Likewise, with any potential accusations of irredentism finally off their backs and looking less and less valid as far as the international community or international law were concerned, the FAI could get on with being less reluctant to accept northern players (in saying that, I don't know if they turned down approaches prior to Kernaghan or the likes of Ger Crossley; maybe someone could shed light?), and possibly even offering it as a serious option without the fear of a political stir, or what might have been a much worse political stir than the one the switches have actually caused. And then, it appears, the IFA intervened in 1999 when Boyce and O'Byrne met where the FAI voluntarily agreed not to make contact with players unless they volunteered their intentions first, although awareness of the option open to northern-born Irish nationals clearly remained, and especially in Derry where - exceptions like James McClean aside - the general tendency appeared and appears to be for Derry City's Derry-born players to play for the FAI. When Gibson decided to switch and the IFA made such a hoo-ha about it, I feel they shot themselves in the foot by further publicising - or advertising even - an option open to Irish nationals in the north. Most people still seem to be of the impression that Gibson was the first NI-born player to play for the FAI in modern times, which goes to show how little awareness of northern-born players playing for Ireland there was before the IFA kicked up the storm. The brouhaha has also had the effect of alienating nationalists, which has only driven them further away from the IFA and closer to the FAI. It has made the IFA appear hostile to nationalist interests expressions of identity. The real mystery is what possessed the IFA to believe the rules as they currently stand applied any differently to how they had done when they'd received clarification from FIFA in 1994 and acknowledged the right of northern-born Irish nationals to declare for the FAI in 1999.
I read on a forum, so not sure of its veracity, that Neil Lennon would rather have played for the south had he, in his own words, had the choice. He obviously did have a choice as he began playing for NI around the same time as Kernaghan declared for us, to the best of my knowledge. Clearly, however, if the above is true, he was not in the know or made aware of the option open to him. I've read similar talk about Pat Jennings.
Anyway, that's just my opinion, speculation, conjecture or whatever you want to call it, but it's an attempt at an explanation anyway.
But whose stated policy was it? The FAI's or the IFA's? According to CAS, as you mention, FIFA issued two dictats around 1950 only effective upon the IFA as regards confining player selection to their own territory.
I don't understand how the FAI selecting northern-born players for the Iberian tour goes against a "policy" of theirs that apparently stated that players from the south could not play for any other country. The two aren't related, are they? Am I missing something or has this just turned my head into mush?

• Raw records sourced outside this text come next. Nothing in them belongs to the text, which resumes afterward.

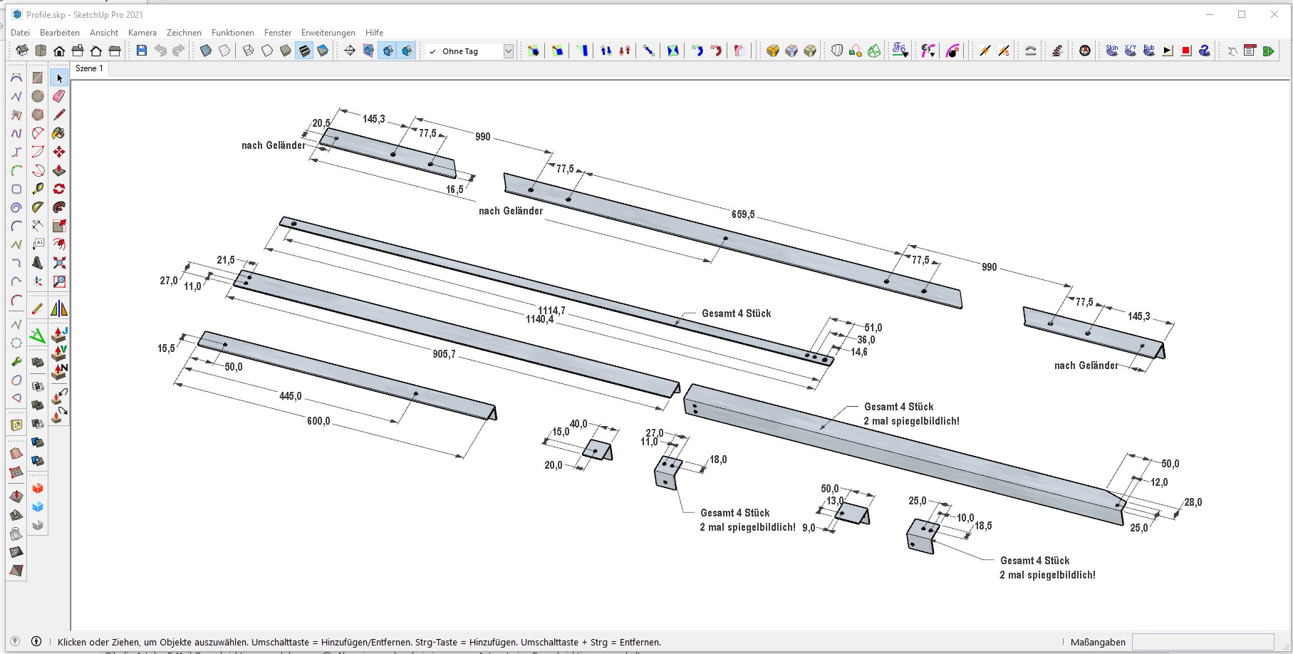 Ich habe 1 Oberteil, 1 Unterteil und zwei Seitenteile, zusammengenagelt ergeben die Teile 1 Rahmen (Bienenrähmchen). Wie erstellt man daraus eine Einzelteilzeichnung 2D oder 3D mit Bemassung?
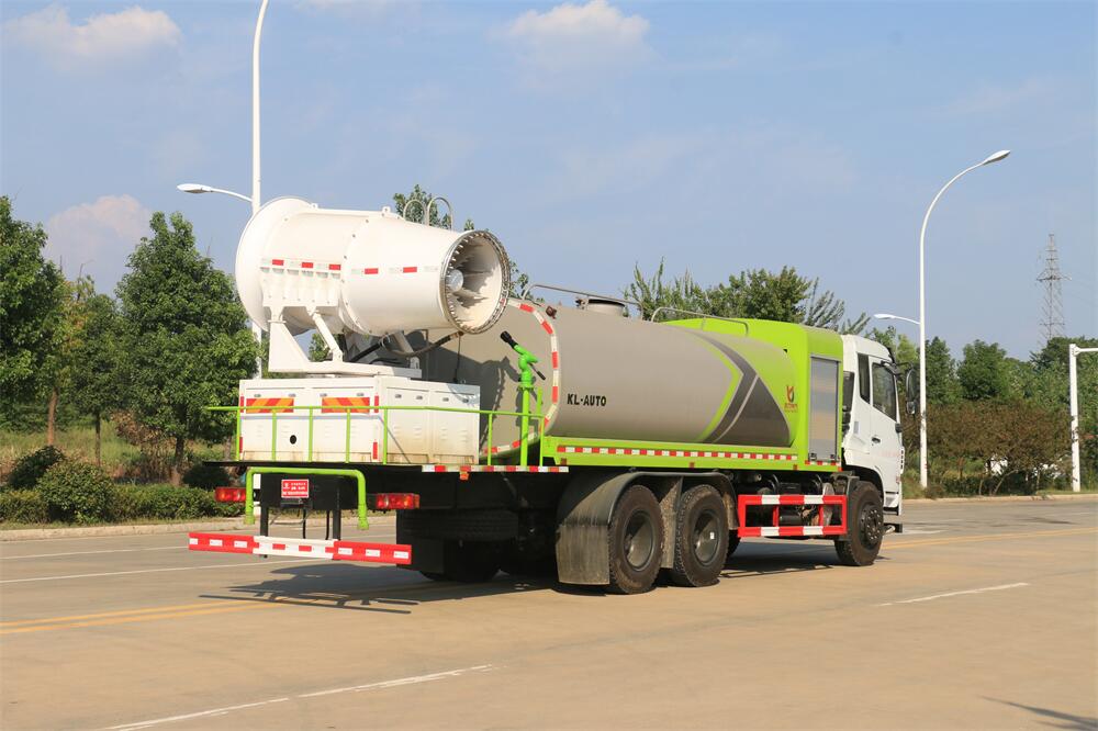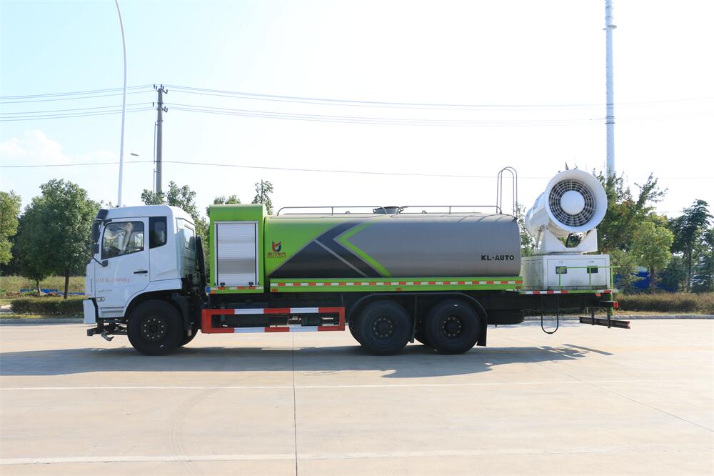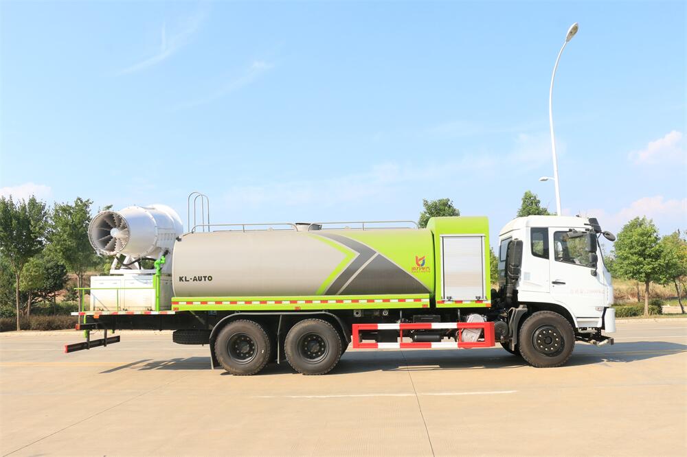 上裝配置:罐體容積為 16立方,選配風(fēng)送式霧炮機組射程30米、40米、50米、60米、80米、100米、120米霧炮,罐體鋼板為4mm碳鋼Q235材質(zhì),罐內(nèi)隔板具有防波作用,以減輕汽車行駛時罐體液體沖擊,罐體及整車外形尺寸按照公告。帶大功率專用灑水泵,泵可自吸自排,整車前沖、后灑、側(cè)噴、帶65消防接口,后平臺配CLW-50、CLW-60、CLW-80、CLW-100、CLW-120型風(fēng)送式霧炮機組;罐體前封頭配大功率柴油發(fā)電機組;前封頭帶水位計,后平臺主管路帶1寸澆花接口,后爬梯。帶兩根輸水管及陰陽端。罐體顏色:銀/灰/綠,罐體兩側(cè)噴“多功能抑塵車”字樣,貼反光標(biāo)示。
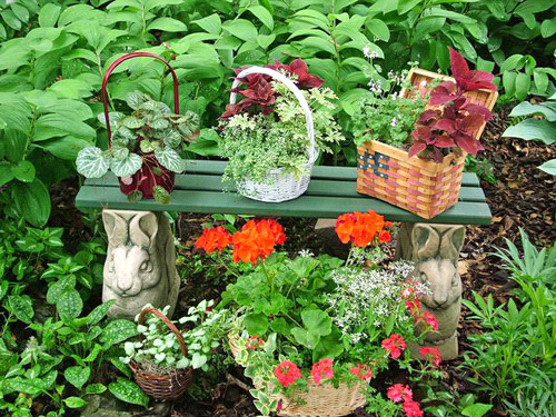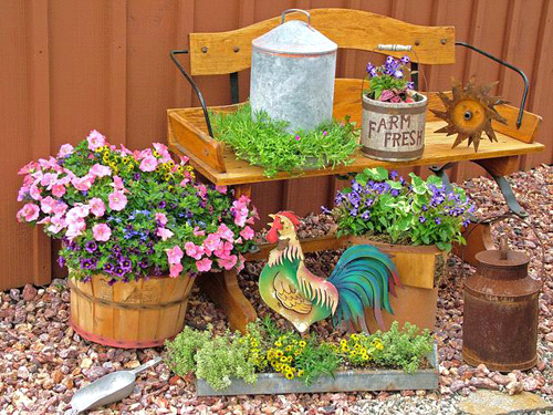 Chỉ với những món đồ trang trí kết hợp cùng với bộ hoa tự chế cũng tạo nên được tiểu cảnh đẹp cho sân vườn.
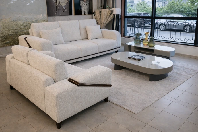 A sleek off-white fabric living room set with compact seating, smooth contours, and refined wooden accents, designed for modern homes seeking comfort without occupying excess space.
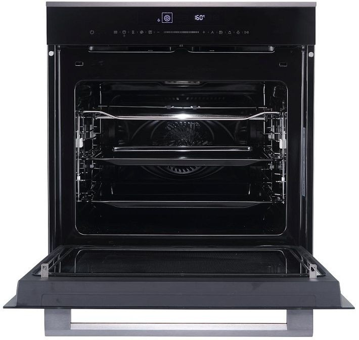 Элегантный корпус в черном цвете с фронтальной поверхностью из металла и стекла создает стильный акцент на кухне и при этом удобен в уходе. Нержавеющая ручка подчеркивает премиальность отделки, а три слоя стекла в дверце и холодная поверхность обеспечивают безопасность при эксплуатации. LED-дисплей и сенсорные переключатели вместе с утапливаемыми поворотными регуляторами дают гибкие варианты управления: можно быстро задать температуру, выбрать программу или воспользоваться отложенным стартом и таймером с отключением. Панель выглядит лаконично, обеспечивает интуитивное управление и аккуратно интегрируется в кухонный гарнитур при независимой установке.
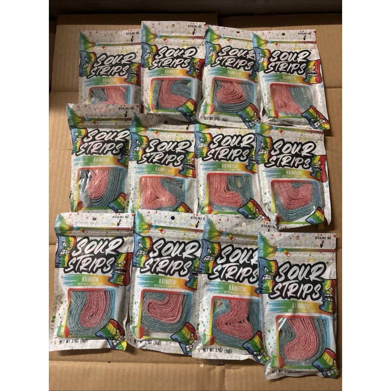 Rainbow Sour Strips Rainbow 12 Bags, 3.4oz Per, BB 10/26
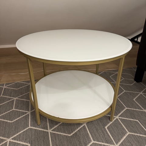 Myydään hyväkuntoinen Vekestä 3vuotta sitten ostettu pyöreä sohvapöytä. Väri tammi/musta. Pöydässä ainoastaan yksi kohta, mistä lähtenyt pieni palanen (kuva 4.)
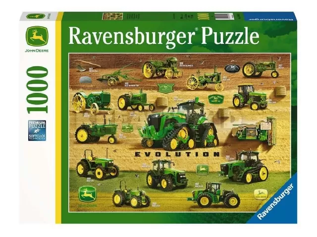 A Ravensburger 1000 db-os - John Deere Evolution című puzzle a traktorimádó gyermekek és felnőttek kedvenc kirakója. A jellegzetes zöld színű mezőgazdasági és munkagépek múltját és jelenét láthatjuk a kirakott képen.
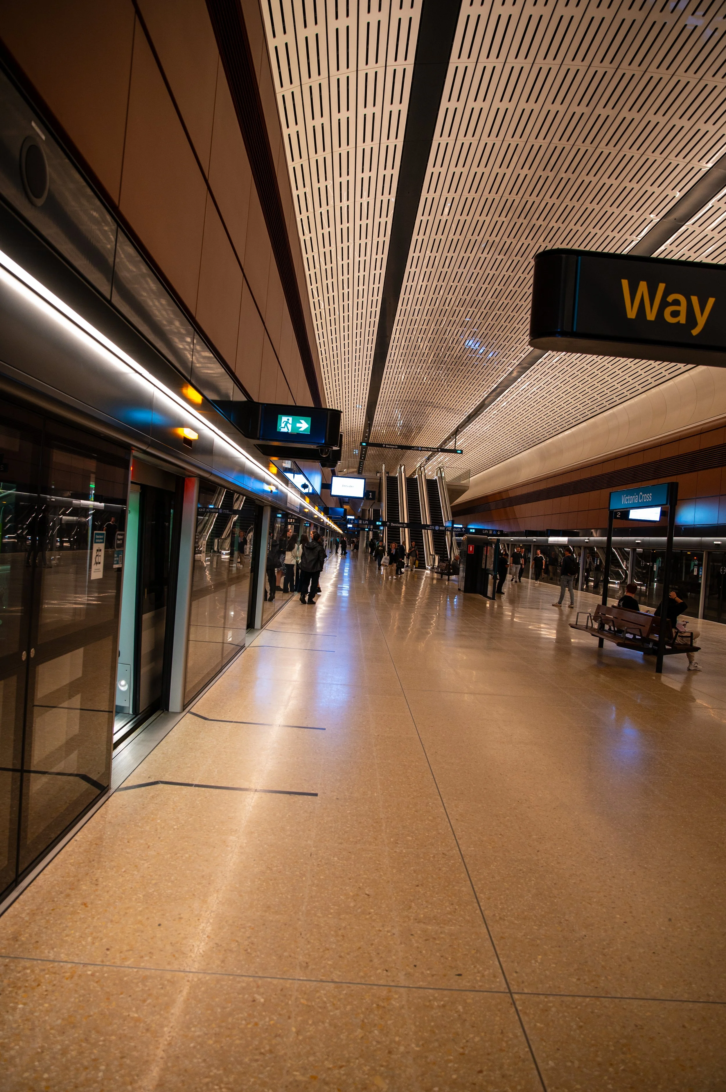 Interior of a modern subway or train station with people waiting and walking, escalators leading up, digital signboards displaying schedules, and glass doors.
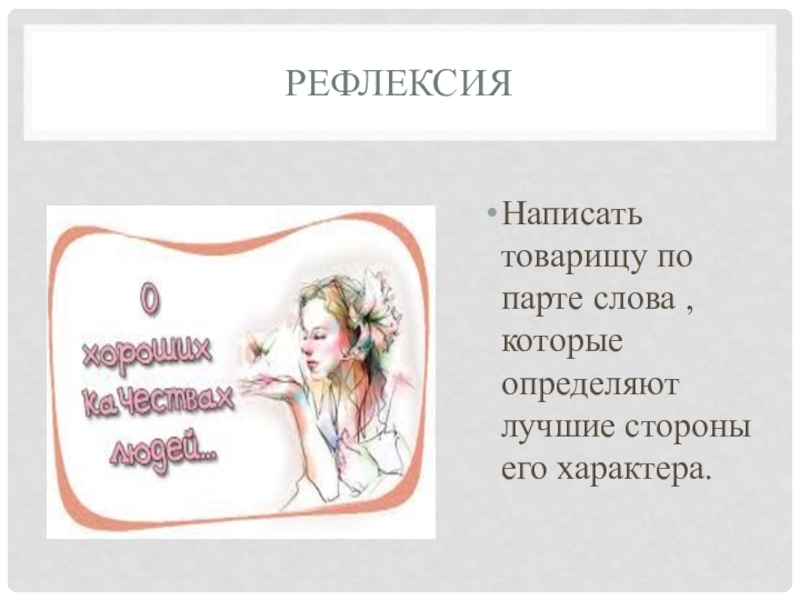 Написать товарищу по парте слова , которые определяют лучшие стороны его
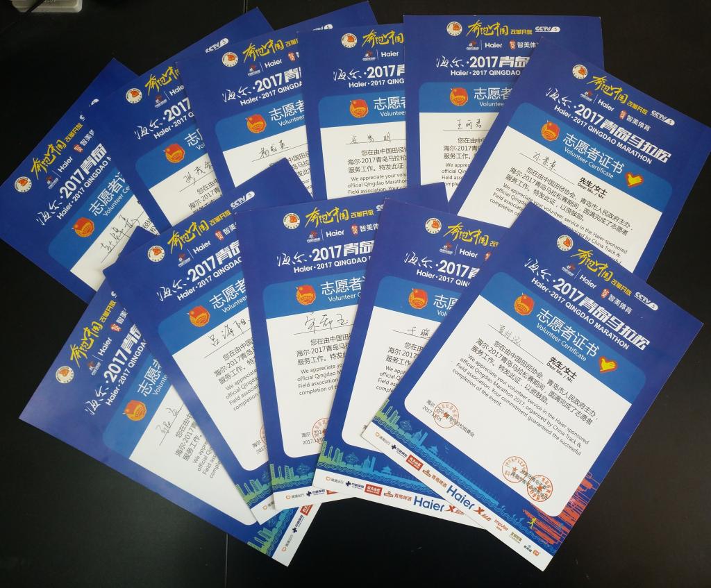 近日,共青团青岛市委、青岛马拉松组织委员会、青岛市青年志愿者协会为英国365集团宋希玉、赵锦岳、吕海阳、张茂会、王丽君、张炎、杨成英、谷易明、孙素素、于暄、夏林泓11名员工颁发了2017青岛马拉松志愿者证书。

Unrelated somewhat, this, but can anyone confirm if Mauro Camoranesi qualified to play for Italy through Italy-born grandparents or an Italy-born great-grandparent, as his Wikipedia states? It could have interesting implications for the application and interpretation of article 15. There's a guy here claiming that the great-grandparent claim isn't actually true in response to a question I asked in order to provoke further discussion: http://socqer.com/questions/553/unde...lay-for-italy/
My thinking is that if Camoranesi qualified by virtue of a great-grandfather, then he must have qualified via article 15 as he would not otherwise satisfy the sub-criteria of article 17. This, in turn, would surely imply that article 15 could be interpreted as a "granny rule" or even a "great-granny rule", maybe leaving open a possibility of, say, third, fourth or fifth generation Irish players being eligible to play for Ireland just so long as their citizenship was inherited along the lineage in line with the procedural requirements of Irish nationality law.